I'm ground/1st floor in a c. 8 floor block. The block has ventilation shafts with fans at the top (roof). So, each vent in the flats is simply a vent / no fan.
I'm mid-refurb of the whole place. Unaware of any issues, I installed an in-line fan to service an existing bathroom and newly created en suite. This was then attached to existing ducting. External ventilation is not possible.
The freeholder (council) noticed this during an inspection and objected. Says I must remove them, as my fans will blow air in to neighbouring properties. Other than the hassle and wasted cost, my main concern is that, given the added en suite (and both rooms have powerful showers) there just isn't any chance of the incumbent 1970s system giving me an effective flow rate.
I objected and they sent a "ventilation expert". By his own admission he was no expert (ex IT contractor). He suggested I just pay for "no return vents" for my neighbours if they did indeed experience backdraft. I'd be happy with this, if it worked. My fear is, even if the council accept his report when it is sent, it won't a) because from google it seems these just stop air flow full stop, meaning neighbours don't get ventilation when I do and b) air will follow the path of least resistance and this may mean the vents never open at all, backdraft or not.

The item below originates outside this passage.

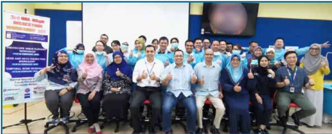
Group photo with the Head and Neck Dissection Workshop Moderators, Participants and Organising team

• Do you have any thoughts at all as to how to solve my dilemma? • If I just finish fan installation, turn them on, and go into neighbouring flats to "feel" if their air is still going in rather than out is that a sufficient test of long-term issues or might differing conditions cause a backdraft down the line? • Is there some kind of vent I can pay for for the neighbours (without invasive installation) that will resolve the possible problem and keep their ventilation functional? • Am I right to worry the ventilation without an active fan is likely to be insufficient?